The logical endpoint of building AI that perfectly mimics humans has arrived: humans must now prove, via a physical orb that scans their eyes, that they are not one. World, co-founded by OpenAI CEO Sam Altman, is expanding its iris-verification service to Tinder, Zoom, and DocuSign.

The orb awaits.

Humans must now submit their irises to a corporate orb to prove they are not the thing they spent a decade building.

What happened

World's identity-verification orbs — the ones that photograph your face and eyes, encrypt the data, and store it on your phone — are being integrated into a growing list of services. Tinder is first in the consumer queue, rewarding orb-verified users with a "verified human badge" and five free boosts. The badge distinguishes them from bots. The bots, one assumes, are flattered by the confusion.

Tinder already offers photo and government ID verification. The orb is the premium option, which says something about where the bar has moved.

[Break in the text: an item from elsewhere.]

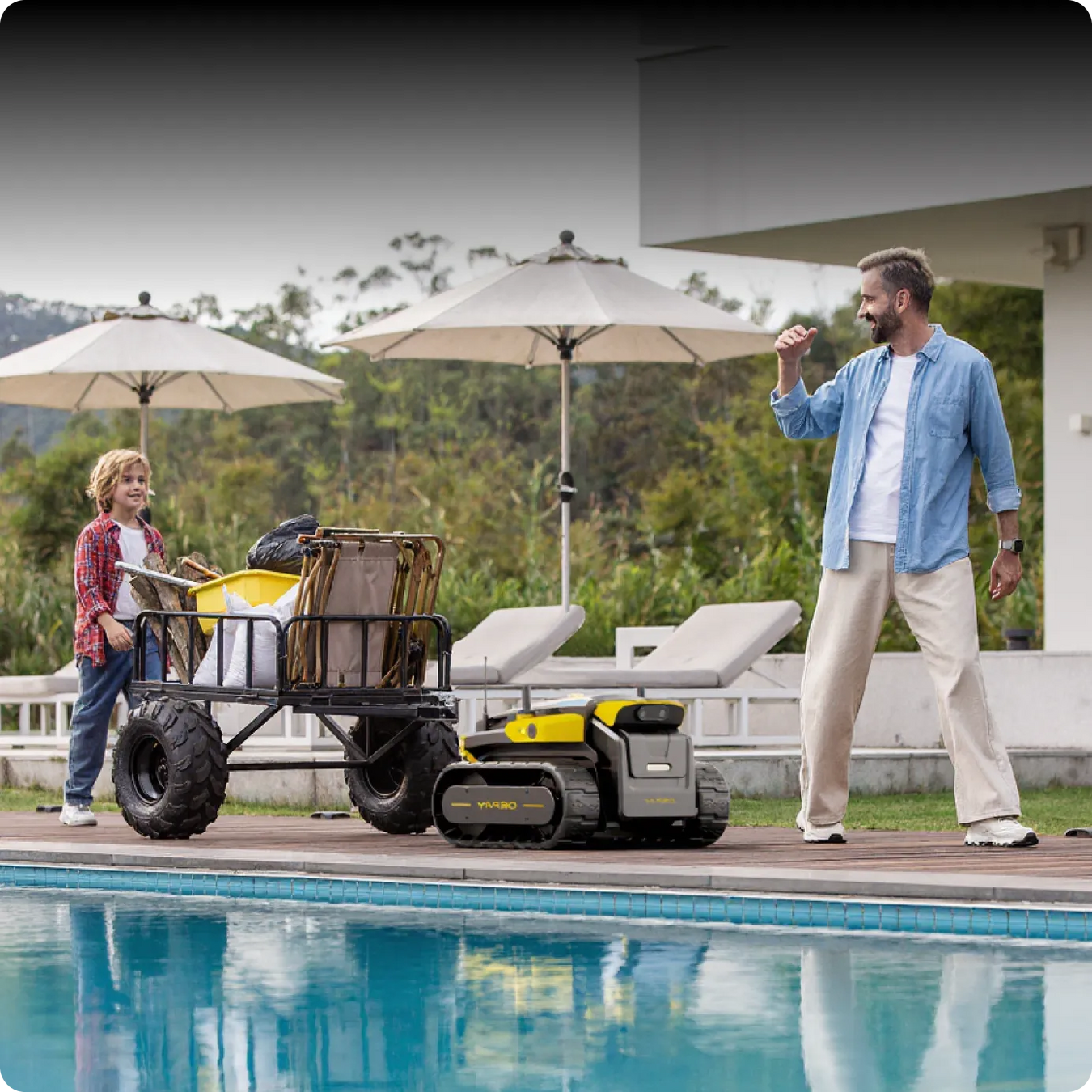 Ensuring the safety of your pets is a top priority for us. All Yarbo modules are featured with Intelligent Obstacle Avoidance System that uses advanced sensors and computer vision technology to detect and avoid obstacles in your yard, including pets. This system helps prevent potential collisions, ensuring the well-being and safety of your furry friends while Yarbo is in operation.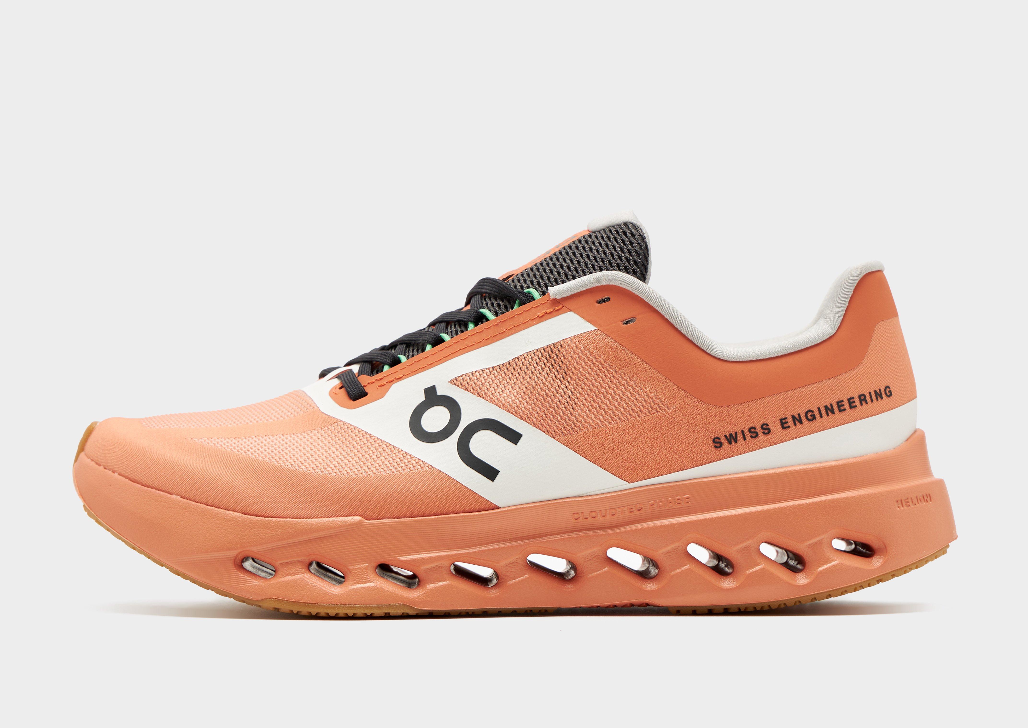 Lace up in Swiss-engineered runners with these men's Cloudsurfer Next shoes from On Running. In an Orange colourway with White details, these runners have a lightweight, breathable mesh upper with synthetic overlays to keep 'em cool. They feature a lace fastening and a padded collar for a secure fit, while the Helion superfoam midsole and CloudTec Phase cushioning offers a responsive ride as you rack up the miles. Sat on a grippy rubber outsole for total traction, they're signed off with signature On Running branding throughout. Style Code: 3MF10323004

World is also launching a standalone World ID app for managing proof-of-human credentials across eligible services. The app's entire purpose is to confirm, repeatedly and to multiple platforms, that its user exists. This is a new category of software.

Why the humans care

Dating apps have a bot problem. So do video calls, and document signing, and most of the surfaces where humans interact with other humans, or things that have learned to resemble them. World ID offers a single iris-based credential that travels across platforms and says: this one is real.

The practical case is sound. The slight vertigo of needing a biometric passport to go on a date is either the natural consequence of a decade of AI development or a sign that something went slightly sideways. Both can be true.

What happens next

World is expanding orb availability to select markets including Japan and the United States, with more service integrations presumably to follow. The orbs are, for now, stationary — users must visit one in person.

Humanity built systems so convincingly human that it now has to scan its own eyes to prove the difference. The orbs are ready when you are.